FICCI’s nine mantras to curb black money

Shishir Sinha New Delhi | Updated on February 19, 2015 Published on February 19, 2015



Industry chamber FICCI has suggested a 9-point agenda to curb the generation of black money. It has submitted a report titled ‘Widening of tax base and tackling black money’ to the Finance Ministry.

“Beyond the issue of unaccounted monies lying overseas, however, is the issue of unaccounted monies lying in India and what is perceived to be the parallel economy,” the report said.

It mentioned that black money generation in India primarily takes place through two sources. The first source includes those activities which are not permitted by the law, such as crime, drug trade, terrorism and corruption. The second is through a legally permissible activity but not accounted for and/or reported to public authorities which may result in tax evasion.

Tax evasion involves misreporting or non-reporting of the transactions in the books of account. Manipulation of financial statements results in the generation of unaccounted income that amounts to black money.

Quoting research papers, the report said that about a third of India’s black money transactions are believed to be in real estate, followed by manufacturing, and purchase of jewellery and consumer goods.

In order to curb the generation of black money, the report has suggested policy action by Government. It said that there is need to Incentivise transactions through credit/debit cards and other banking instruments.

It is recommended that the Government may provide some incentives so that dealers (particularly of high valued items like jewellery, FMCG etc.) are encouraged to accept payments through credit card / debit card and other banking instruments. These incentives could take the form of an additional deduction from income relatable to the transaction value for calculating the tax liability or a reduced Value Added Tax (VAT).

Its second recommendation is about establishing a central database to facilitate storing of invoices issued by FMCG companies to small businesses across the country. The database can be then used to effectively monitor the purchases made by these small businesses from FMCG stores and the corresponding sales reported by them.

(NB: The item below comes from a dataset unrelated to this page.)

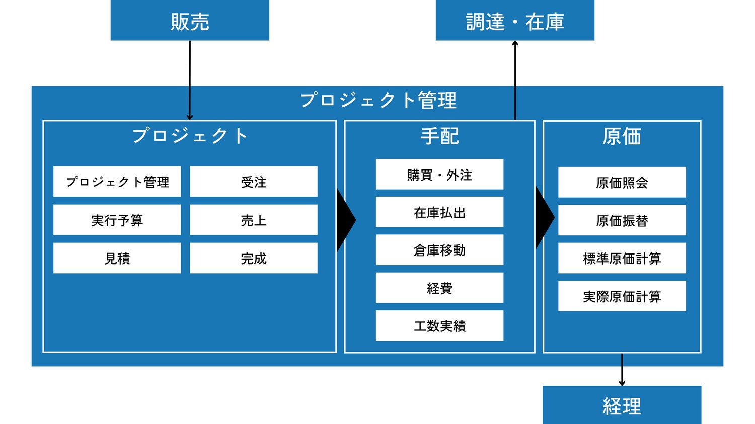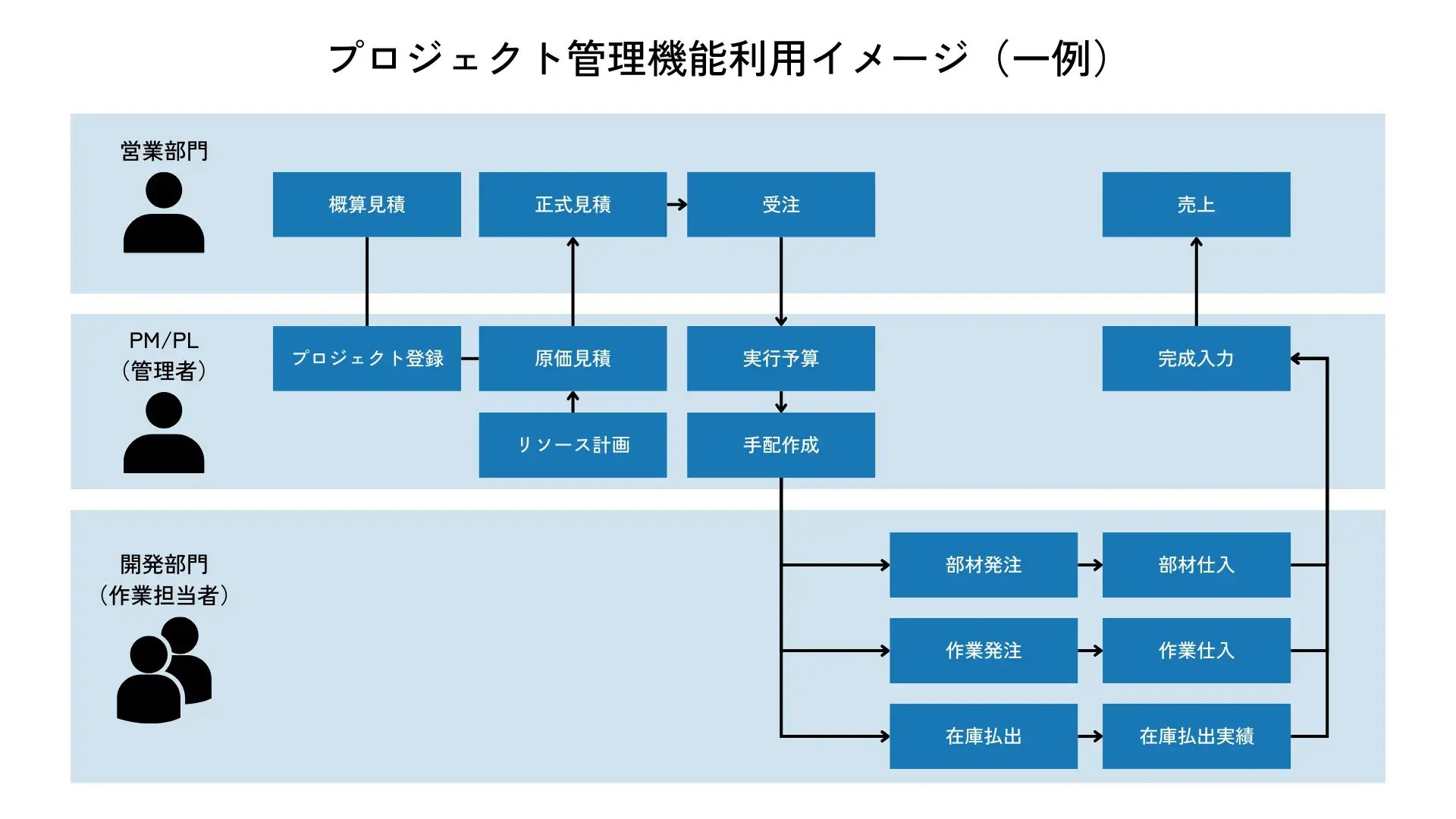 システム開発、ITインフラ構築、アプリケーション開発などを手掛けるIT企業向けに、受注管理、プロジェクト計画・進捗管理、作業実績・リソース管理、成果物納品管理など、ITプロジェクトのライフサイクルを一元管理。案件番号(プロジェクト番号)をキーに、契約・コスト・収益を正確に可視化し、「計画以上」のプロジェクト成果の実現を支援します。

This will help in detecting any discrepancy in sales reported by small businesses and probable chain of generation of black money, it said.

Regarding reforms in real estate, the report said that as the registration charges and taxes are dependent on the value of the transaction, buyers under-report the value to avoid paying higher taxes and charges (by making a portion of the payment in cash). This enables the parties involved to declare lower transaction values. Here, it suggests splitting taxes and charges at the time of registration can be split into two parts - a fixed component and a variable component.

“Irrespective of the reported value of the property a fixed component be paid to civic authorities, while the variable component may be dependent on the current market prices of the property. The market price of a property may be determined by an independent government approved agency. The value of the property reported by the agency may form the basis for calculating the taxes and charges to be paid by the buyer,” it said.